Friday, March 18, 2011

Ah, to be a maker

I've been a Wired magazine subscriber for years.

It's edgy. It's geeky. It's ridiculous. It's offensive.

But every once in a while it's totally inspirational. It kick starts my creative juices in a way that no job, hobby or book can.

Today I finished the magazine that came in the mail just yesterday and felt a jolt of refreshment. The ideas have just started whirling inside my head.

This month's magazine features "How to Make Stuff" and is chock-full of the kind of information one in our latest DIY-crazed society needs to get be a maker.

They list the latest "tools" to be a maker.

No, it's not a sewing machine. That was my first maker phase.
No, it's not a camera and darkroom stuff. That was my next maker phase.
No, it's not children (the hardest maker phase I've attempted).
No, it's not fabric, batting, needle, and thread.
No, it's not paint and brushes along with design software.
No, it's not HTML and java-scripting.

The latest tools I would need:
  1. Computer-aided design software. It's a natural next step for me considering the design software I've been using and the year I spent doing 3-D computer modeling in a past life. Any suggestions you CAD aficionados, for the Mac?
  2. 3-D printers "unlike mills and lathes, which make parts by removing material from a solid block of stock, 3-D printers make physical objects by adding material a little at a time...melting powdered metal or plastic into durable 3-D parts...or liquid polymer." How cool is that?!
  3. Arduino micro-controller. " connect input pins (sensors, say or buttons) and output pins (LEDs, motors, sirens, servos, and more.) Then use the free software to write a program that tells the outputs what to do with the input signals." Simple, versatile.
  4. Rapid-prototyping services. Hey, just like the service bureaus for designers in the late 80s. Somewhere to upload my designs and have them made of wood, plastic, rubber, or metals.
The wheels are turning!

Okay, wait, maybe I'm just enamored with the IDEA of being a maker.

I credit a certain can-do maker attitude to a certain Algebra teacher in 8th grade, Mrs. Jensen. She told us she was an inventor. We giggled behind our hands at that. Why would an 8th grade Algebra teacher be teaching Algebra to us every day if she was an inventor?!

She would come to class all excited to tell us of this idea or that and again we would giggle. She told us of all the ideas she had first, that someone else had now made real. She constantly encouraged us to think new thoughts and not wait to act on them. (She also had an amazing talent for explaining a math concept in four or five different ways until everyone in the class understood in their own way.)

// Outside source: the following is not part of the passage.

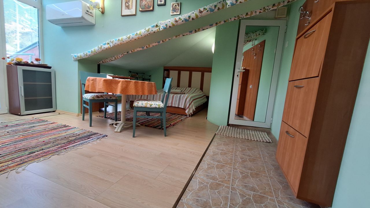 Студиото се намира на 4-ти етаж без асансьор – подходящо за активни и мобилни гости.

Looking back I see it as a defining moment in my life...that. has. laid. dormant. for. years.

Maybe it's time to jump start the little spark ignited by a Jr. High math teacher.

Or, maybe I'm just poised to start a new career considering where I am with the current one.

Or, maybe I'm just inhabiting my rich inner life with these new dreams.

Or, maybe just being curious is so satisfying. (I just recently picked a friend's brain regarding his e-Bay store of collectibles, how he goes to auctions, how he manages shipping, and how he's grown his business to almost a full-time pursuit.)

I love self-discovery. I love seeing what makes people tick, makes them (and me) whole, makes one feel well and happy. Somewhere in all these ramblings is the answer to the positive change I seek in my life.

Or, maybe I'll put my brilliant mechanical-engineer brother onto the idea and watch him create a second career! After all he had the same Algebra teacher!

What inspires you? And why aren't you acting on it?!


Cool links:
Wired's how-to wiki
How to make stuff videos

P.S. Related article: 3-D printing using sawdust


  1. I love this!
    I have a lot of why's right now, but I'm TRYING to act anyway. Biggest obstacles seem to always be 1. money and 2. expectations from my support system that leave very little room for error or failure. I'm not the least bit afraid to try and fail, but I am afraid of the disappointed condescending backlash I get from my family when I fail. A bit sad, isn't it?

  2. Because I'm too tired! But I WANT to be more creative and make more stuff (other than just making green oatmeal for St. Patty's day). But I agree...this was inspiring to read. It makes me want to dust off my design corner portion of my brain and let the creative juices flow! Thanks for the articles!